I made some tests based on multiple scenarios with different configurations, from limiting the number of libvips concurrency until using a simple window time frame based throttle strategy in from the HTTP server layer. As conclusion, with a high load, which increases the probability of experimenting some issue with thread-unsafe related concurrent access, the problem still persist, with a panic unexpected exit in some cases.

I'm not too happy about the idea of using a concurrency of 1 thread in libvips. This is an important bottleneck in my case, since Go is natively highly thread-focused, specially in HTTP

@h2non
Copy link
Author

h2non commented Apr 15, 2015

How much is required calling to vips_thread_shutdown()? Maybe the trouble could be around there, since I'm calling it after a set of image operations has been performed.

@lovell
Copy link
Member

lovell commented Apr 15, 2015

"I'm not too happy about the idea of using a concurrency of 1 thread in libvips. This is an important bottleneck in my case, since Go is natively highly thread-focused, specially in HTTP"

I believe vips_concurrency_set(1) refers to a maximum of 1 thread per image processing pipeline, i.e. use the current thread and don't spawn any more.

The (maximum) number of images Go will process concurrently is the number of threads the golang runtime is managing on your behalf, limited by GOMAXPROCS.

If you're not already doing so, you may need to wrap all the vips methods that constitute processing each image with runtime.LockOSThread() and runtime.UnlockOSThread() to guarantee they execute on the same thread.

@jcupitt
Copy link
Member

jcupitt commented Apr 19, 2015

I've made some progress on this: I've found a couple of threading errors with that soak program and stability is improving. Not quite there yet though, I'll keep digging.
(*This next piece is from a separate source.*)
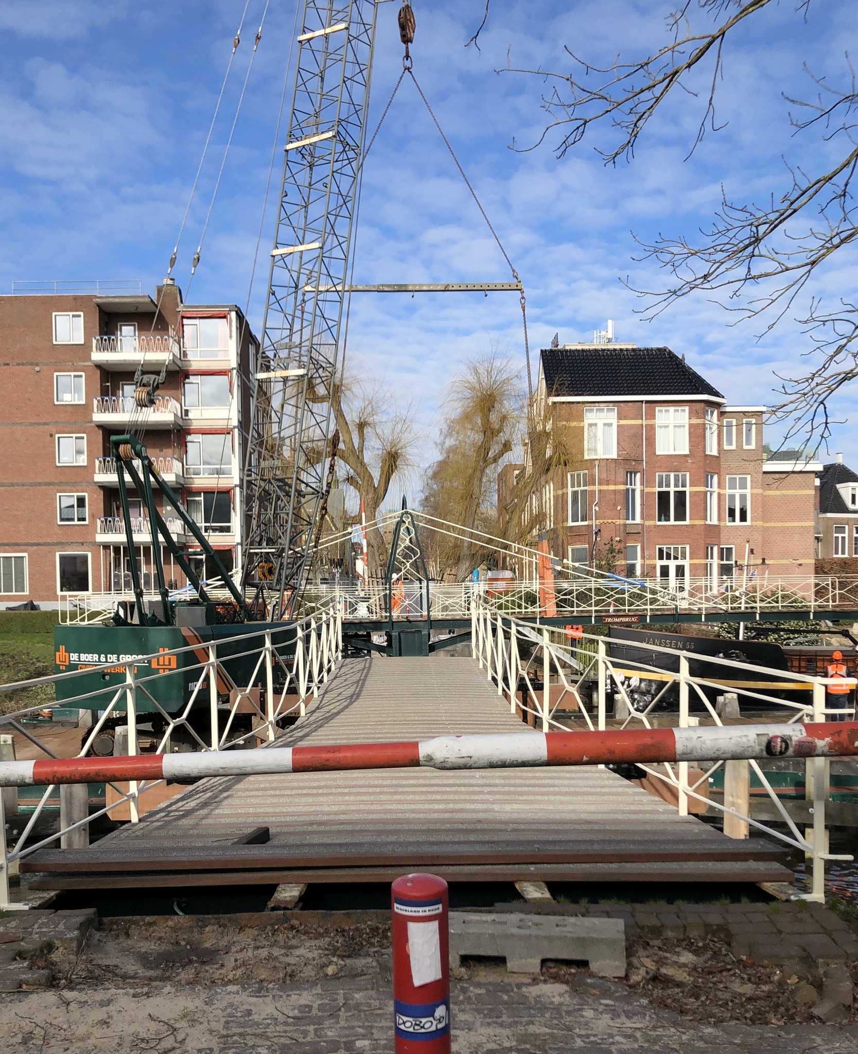 De renovatie duurde langer dan eerst was ingeschat. De brug zou eerst eind december worden teruggeplaatst, maar door een tekort aan materiaal om de brug veilig te kunnen plaatsen is dit met twee maanden uitgesteld. Vanmiddag werd alles weer op zijn plek gehesen, waarbij voorbijganger Herman Grimme een aantal foto’s heeft gemaakt.

This was the big patch: jcupitt@54c37e7 it removes vips_image_wio_input() and adds vips_image_copy_memory() instead. vips_image_wio_input() was fine when we had a single main thread, and fine if you don't share image between threads, but once images are being used simultaneously by more than one thread, which can happen implicitly sometimes via the operation cache, you have problems.

@jcupitt
Copy link
Member

jcupitt commented Apr 20, 2015

Some more progress: git master now runs this test correctly, as long as you disable orc and don't use jpegload but use vips_black() or some similar pixel source.

I'm going to dig into jpegload next and see if I can find a problem there.

@jcupitt
Copy link
Member

jcupitt commented Apr 23, 2015

I found two more problems: first, the soak test needs to sleep for a short time before exiting, or vips_shutdown() may try to throw things away before the thread cleanup code runs.

Second, there seems to be a bug in openslide which causes memory corruption under heavy load. I've opened an issue here:

openslide/openslide#161

I've updated the soak test:

https://gist.github.com/jcupitt/7de81323573665d8aafb

If I build git master with openslide and orc disabled and run that test, I see:

$ for i in {1..10}; do ./a.out ~/pics/k2.jpg; done
memory: high-water mark 192.07 MB
memory: high-water mark 238.37 MB
memory: high-water mark 226.02 MB
memory: high-water mark 233.05 MB
memory: high-water mark 182.09 MB
memory: high-water mark 195.88 MB
memory: high-water mark 202.06 MB
memory: high-water mark 208.51 MB
memory: high-water mark 239.40 MB
memory: high-water mark 164.51 MB

That's 10,000 shrink operations, with 50 main threads working in parallel, and four worker threads within each of those, with no reported problems. Phew! That's with the operation cache enabled as well.

Hopefully this is now fixed.

@jcupitt
Copy link
Member

jcupitt commented Apr 24, 2015

Summary: use git master vips, disable orc, disable openslide, it should be OK.

@h2non
Copy link
Author

h2non commented Apr 24, 2015

Thanks John,

This will be applied also in maintenance releases for 7.42.x and future 8.x versions?

@jcupitt
Copy link
Member

jcupitt commented Apr 24, 2015

I made one quite large change to vips, probably too big for 7.42 really :-( so vips-8.0 and later only, sorry.

@jcupitt
Copy link
Member

jcupitt commented Apr 25, 2015

I've updated the test program:

https://gist.github.com/jcupitt/7de81323573665d8aafb

It works against 7.42 as well, as long as you disable openslide and orc. That's orc-0.4.18, other orcs may work.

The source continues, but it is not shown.